At the Nordschleife, where the margins are measured in seconds and instinct can matter as much as speed, red bull racing is now being pulled into a bigger argument about control, risk, and responsibility. The debate sharpened after a tragic accident during the Nurburgring 24 Hours Qualifiers last weekend, which claimed the life of driver Juha Miettinen.

Why is Red Bull being asked to intervene?

The immediate question is whether Red Bull should allow Max Verstappen to keep racing outside Formula 1 at all. Former F1 driver Juan Pablo Montoya said the team should stop Verstappen’s outings at the Nordschleife after the latest tragedy. He argued that the team has invested heavily in the driver and should protect that investment by setting a clear limit.

Montoya said that if he were in charge, he would tell Verstappen not to get back into the car.
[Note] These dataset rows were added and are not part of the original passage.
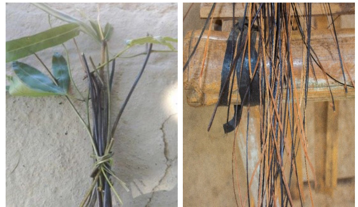
Figure 11. Raw Nito (left) and dried Nito (right)

Puob Buri: The mature Buri trunk is allowed to decompose over several years. Once the internal part becomes soft and broken down, it is used as an organic fertilizer for vegetables.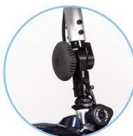
Angle adjustable tiller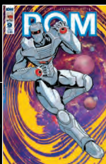
SUBSCRIPTION COVER Art by Hal Laren Colors by Lovren Kindzierski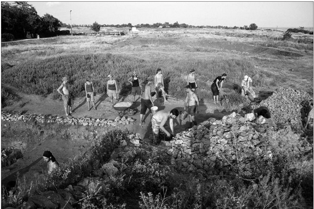
Fig. 4. Sector XXV, conservation. Ryc. 4. Wykop XXV, konserwacja.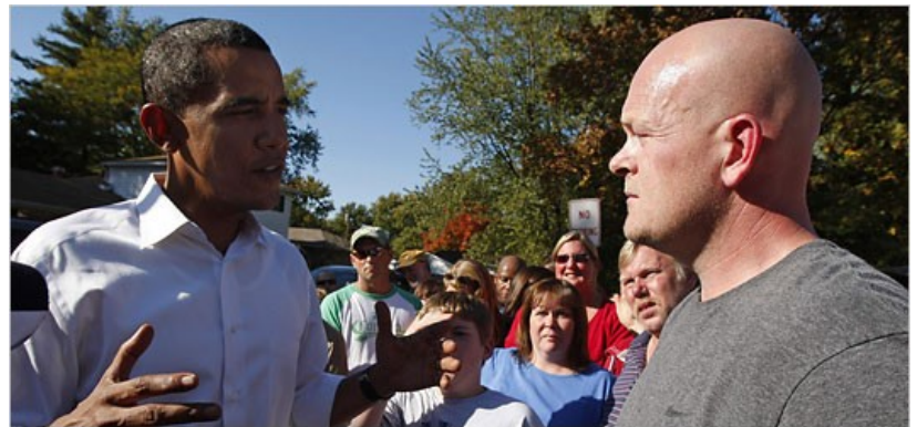
Remember Joe The Plumber's confrontation with Obama? He's just finished the bathroom in Obama's new mansion...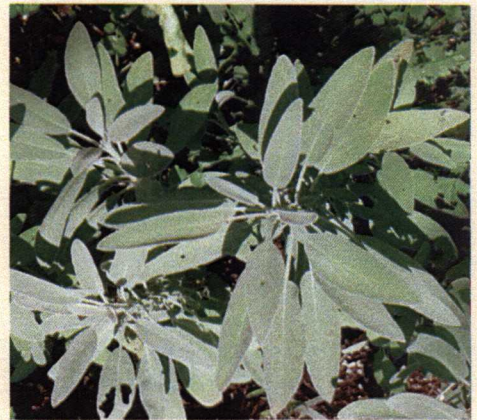
HERB, SPEARMINT Mentha spicata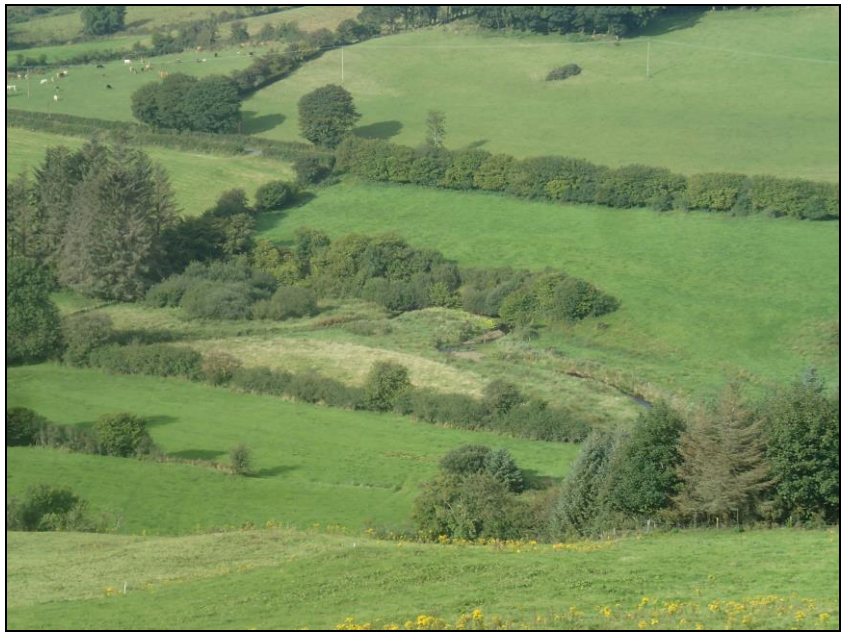
A portion of the meandering stretch of river, at Glastrigan.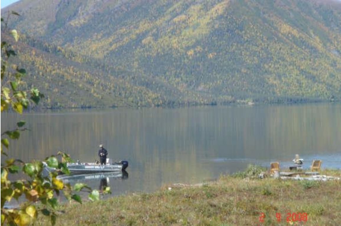
(At Tin Cup Lake, Yukon)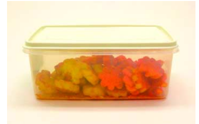
Store food in tightly sealed containers.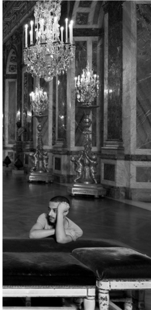
Reza Aramesh "Action 110: Wednesday 8 January 2009. A man sits beside the body of two youths killed. Gaza City." 2011 Silver gelatin print mounted on aluminum and archival board, framed. Triptych 195 x 270 cm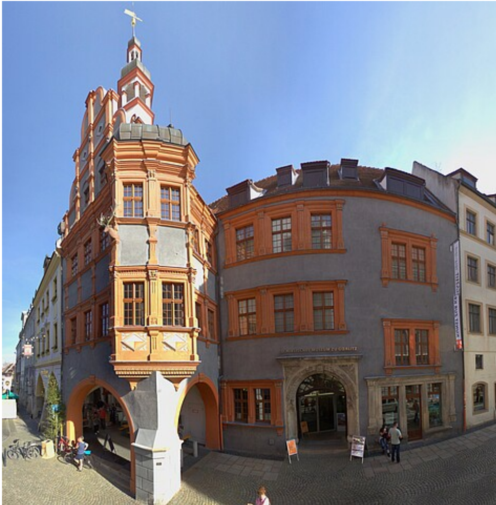
View of the Renaissance Palace Schönhof, location of the Silesian Museum in Görlitz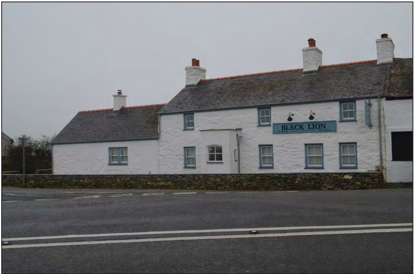
Plate 135: Asset 150, the Black Lion Inn, viewed from opposite side of A5025 to the W.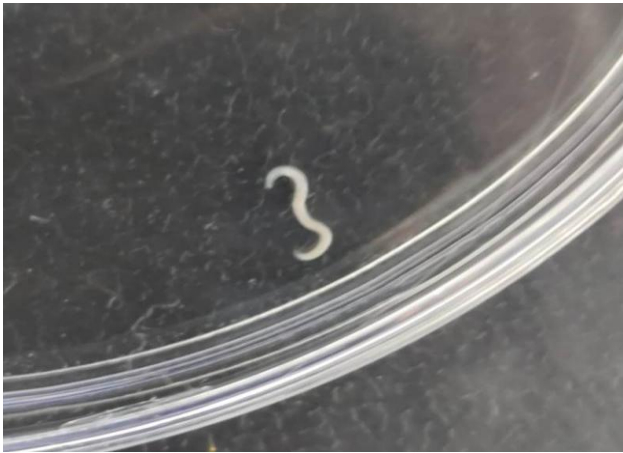
Figure 2. Adult Worm detected in duodenal aspirate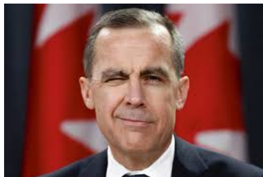
Mark Carney, Tri-national, quad-Bilderberger, Governor of the Bank of England until March 2020, when he became an "informal adviser" to Prime Minister Justin Trudeau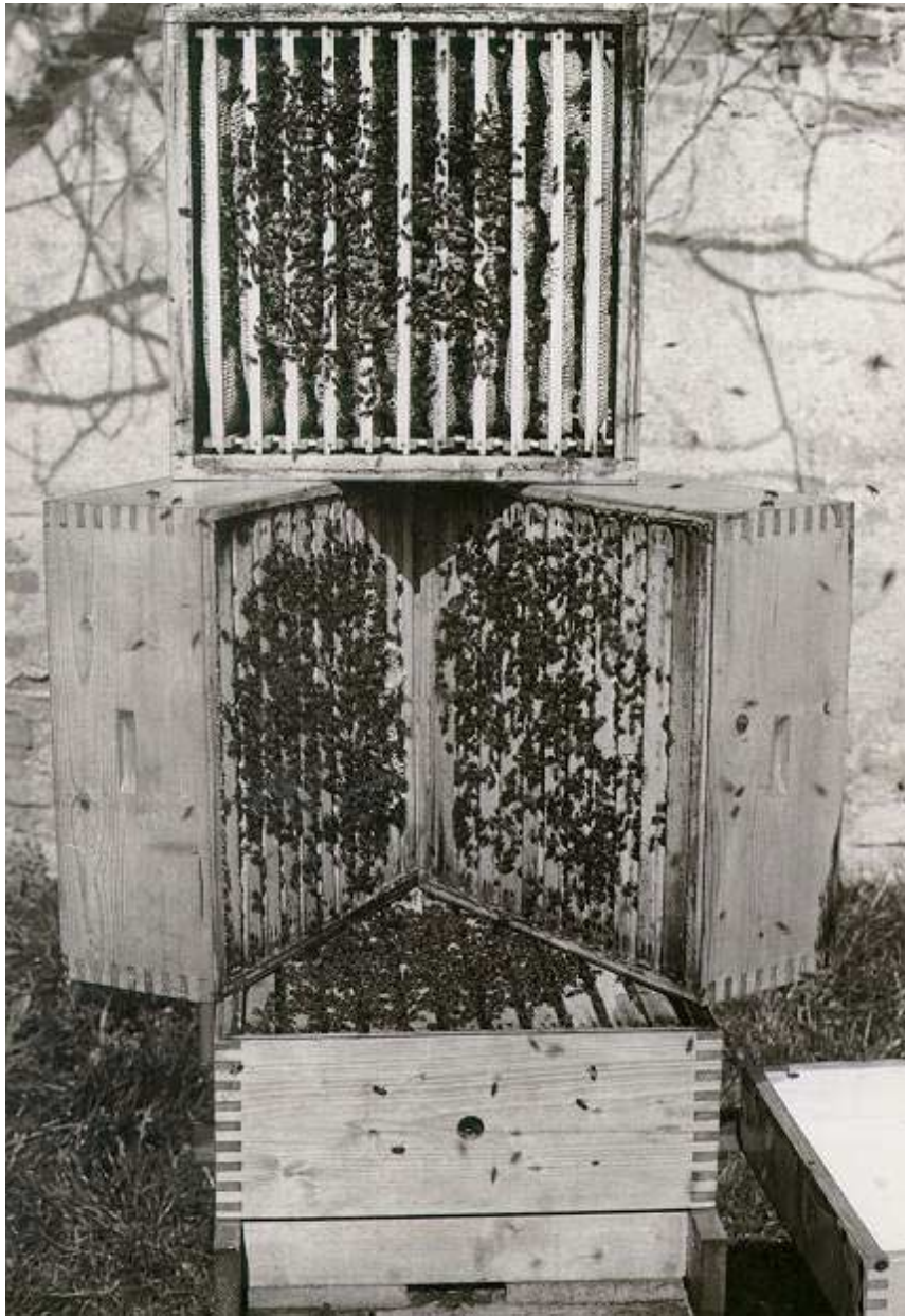
Fig. 2 The colony wintered in 4 shallow hive bodies (41 frames 420 x 170 mm) and opened in April 14, 1981

His view was blunt: the danger is not only the spectacle of racing, but the possibility of a serious injury that could affect Verstappen’s F1 career as well. For Montoya, the issue is not abstract. It is about a driver whose value to his team is enormous, and a circuit where danger is always close to the surface.

That argument lands harder because Verstappen was present at the event as he prepares for his debut in the 24-hour race next month. He has also raced there before, including toward the end of 2025 and again in March this year. The pattern has made his non-F1 racing a recurring talking point, and the latest accident has turned that talk into pressure.

Can a team really stop Max Verstappen racing outside F1?

Naomi Schiff, a former driver and now a Sky Sports F1 pundit, said Red Bull would not be able to stop Verstappen from following his racing ambitions. Her response focused on the nature of the sport itself: dangerous circuits exist, and drivers who are determined to race often keep making their own choices.

Schiff described the Nordschleife as especially difficult, pointing to the narrow track, limited runoff, blind corners, and major speed differences between cars. She made clear that the danger is not unique to one event, but said the circuit’s layout makes the challenge even greater. In her view, Verstappen is in a position where “he calls the shots. ”

That line captures the tension at the centre of the story. On one side is a team that has invested in a champion and may want to protect him. On the other is a driver with the freedom, confidence, and appetite to keep racing in different settings. red bull racing now sits between those two realities, with no easy answer visible.

What do experienced voices say about risk?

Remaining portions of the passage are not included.